A tubular apparatus (200) includes an upper joint (202), an inner cylinder (400), a piston (218), a metal seal, a bearing (600), and an anvil (500). The upper joint (202) is connected to an outer cylinder (204). The inner cylinder (400) has a cavity (402) and is disposed within the outer cylinder (204). The piston (218) has a piston rod (222) disposed within the cavity (402) of the inner cylinder (400) and is moveable along an axis (220). The metal seal is disposed between the inner cylinder (400) and a cylinder gland (408). The piston rod (222) extends through the cylinder gland (408) to a hammer (224), and a portion of the hammer (224) is disposed within an outer tube (208). The bearing (600) is disposed between the hammer (224) and the outer tube (208). The anvil (500) has a bit head (504) and is connected to the hammer (224).

Description

AN IMPACT TRANSMISSION MECHANISM FOR A ROTARY PERCUSSION DRILLING TOOL BACKGROUND
In the oil and gas industry, hydrocarbons are located in porous formations far beneath the Earth’s surface. Wells are drilled into the formation to produce the hydrocarbons. A well is made of a wellbore drilled into the Earth’s surface. The wellbore is supported by one or more casing strings, and cement is pumped between each casing string and the wellbore. The cement provides a fluid barrier and structural support to the casing string in the wellbore. The wellbore is drilled using a drill bit. There are various types of drill bits used for different applications. One type of drill bit for use in hard formation applications is a hammer drill bit. A hammer drill bit uses a high impact force to aid in breaking down the rock to build the wellbore.
SUMMARY
This summary is provided to introduce a selection of concepts that are further described below in the detailed description. This summary is not intended to identify key or essential features of the claimed subject matter, nor is it intended to be used as an aid in limiting the scope of the claimed subject matter.
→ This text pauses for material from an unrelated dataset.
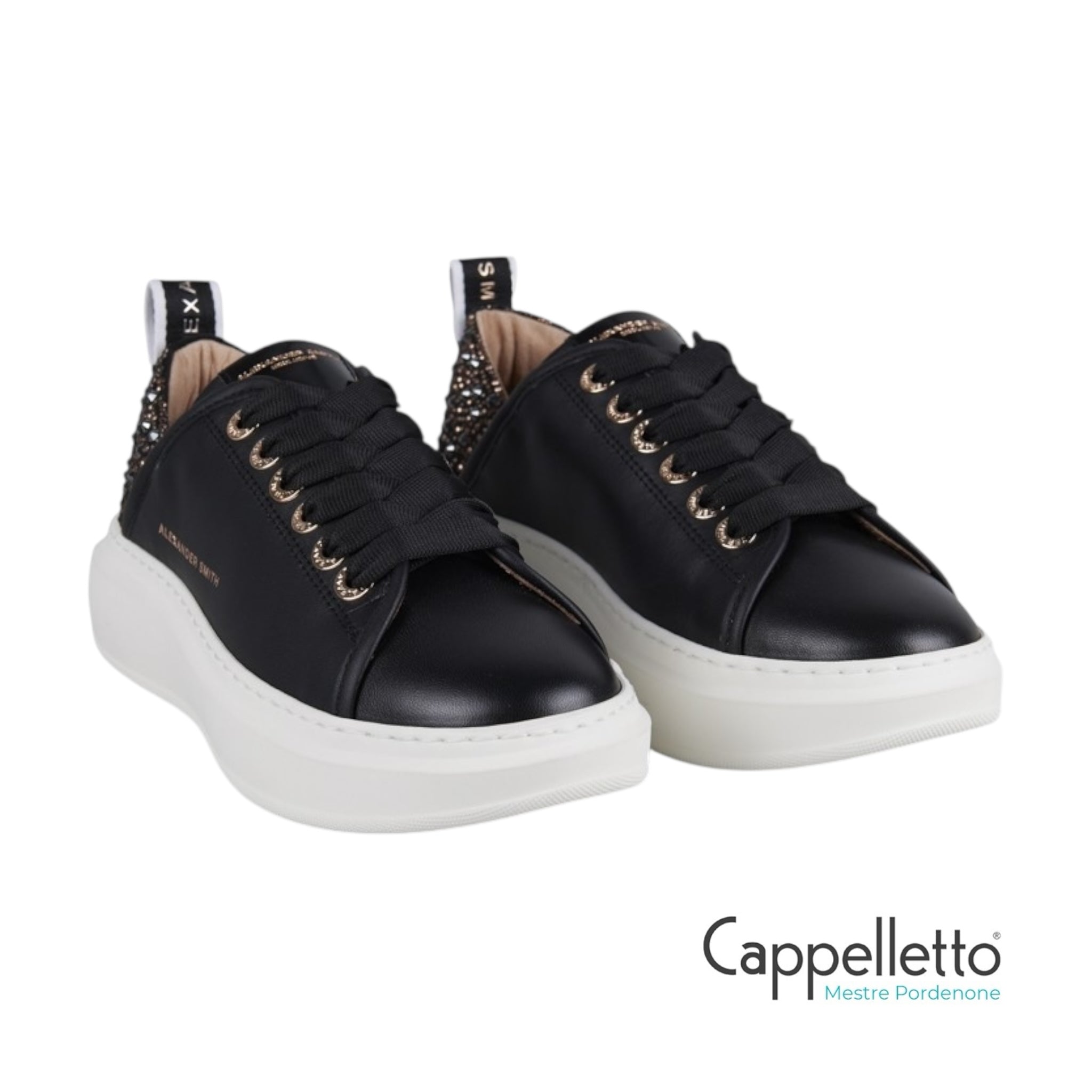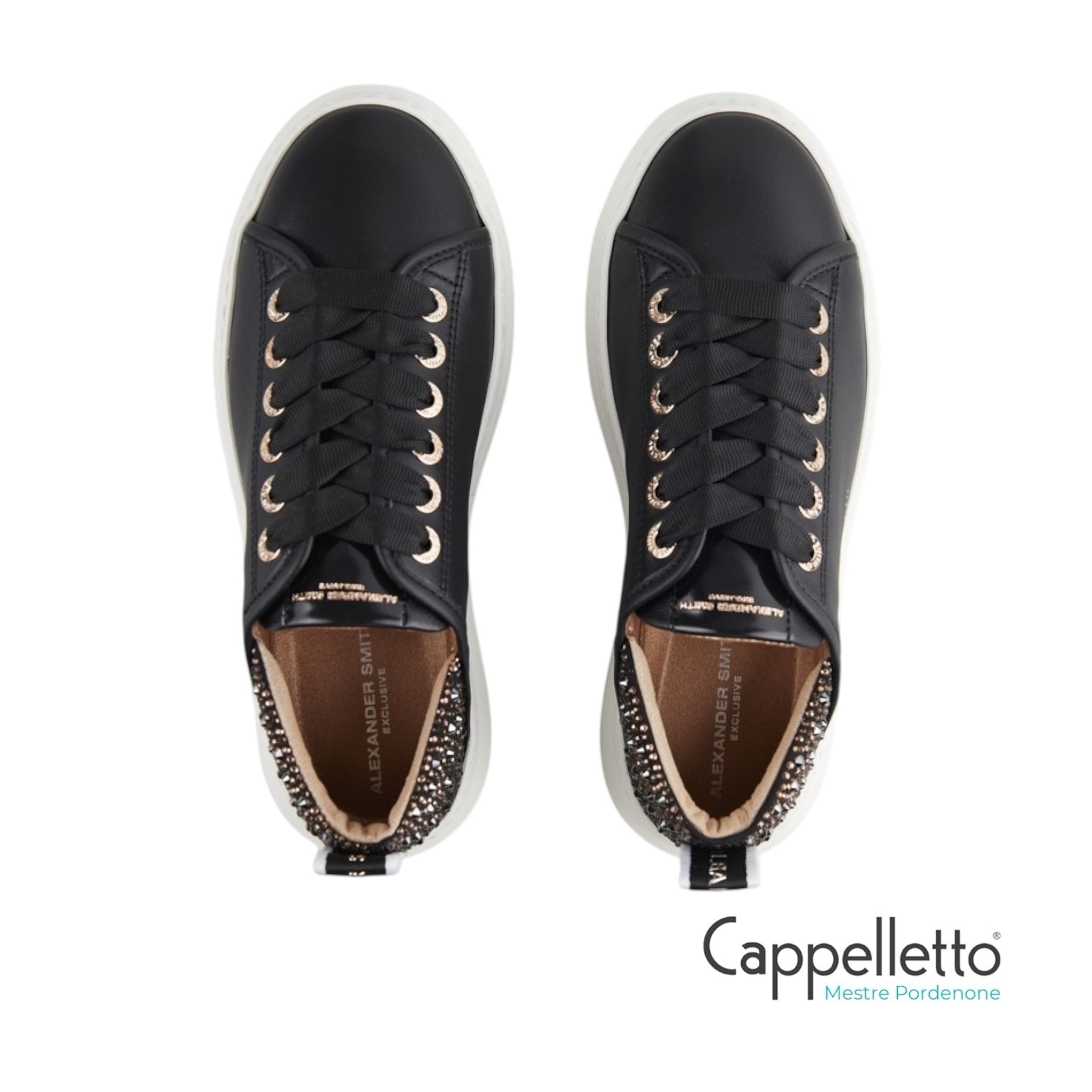 Le Wembley rappresentano l’equilibrio tra comodità, stile e sobrietà, ai quali si aggiunge modernità grazie ai dettagli unici che fanno la differenza, in questa versione in pelle nera e tallone nero con strass.

This disclosure presents, in accordance with one or more embodiments, methods and tubular apparatuses for a wellbore. The tubular apparatus includes an upper joint, an inner cylinder, a piston, a metal seal, a bearing, and an anvil. The upper joint is connected to an outer cylinder. The inner cylinder has a cavity and is disposed within the outer cylinder. The piston has a piston rod, is disposed within the cavity of the inner cylinder, and is moveable along an axis. The metal seal is disposed between the inner cylinder and a cylinder gland. The piston rod extends through the cylinder gland to a hammer, and a portion of the hammer is disposed within an outer tube. The bearing is disposed between the hammer and the outer tube. The anvil has a bit head and is connected to the hammer.
The method includes providing a tubular apparatus having an upper joint, an inner cylinder, a piston, a metal seal, a bearing, and an anvil. The tubular apparatus  is run into the wellbore. The tubular apparatus is actuated to hammer the bit head against a bottom of the wellbore. The bottom of the wellbore is broken down to extend the wellbore.
Other aspects and advantages of the claimed subject matter will be apparent from the following description and the appended claims.
BRIEF DESCRIPTION OF DRAWINGS
Specific embodiments of the disclosed technology will now be described in detail with reference to the accompanying figures. Like elements in the various figures are denoted by like reference numerals for consistency. The sizes and relative positions of elements in the drawings are not necessarily drawn to scale. For example, the shapes of various elements and angles are not necessarily drawn to scale, and some of these elements may be arbitrarily enlarged and positioned to improve drawing legibility. Further, the particular shapes of the elements as drawn are not necessarily intended to convey any information regarding the actual shape of the particular elements and have been solely selected for ease of recognition in the drawing.
FIG. 1 shows an exemplary well site in accordance with one or more embodiments.
FIG. 2 shows a tubular apparatus in accordance with one or more embodiments.
FIG. 3 shows an element gland in accordance with one or more embodiments.
FIGs 4a –4d show an inner cylinder in accordance with one or more embodiments.
FIG. 5 shows an anvil in accordance with one or more embodiments.
FIGs 6a and 6b show a bearing in accordance with one or more embodiments.
FIGs 7a –7e show a bearing in accordance with one or more embodiments.
FIG. 8 shows a bearing in accordance with one or more embodiments.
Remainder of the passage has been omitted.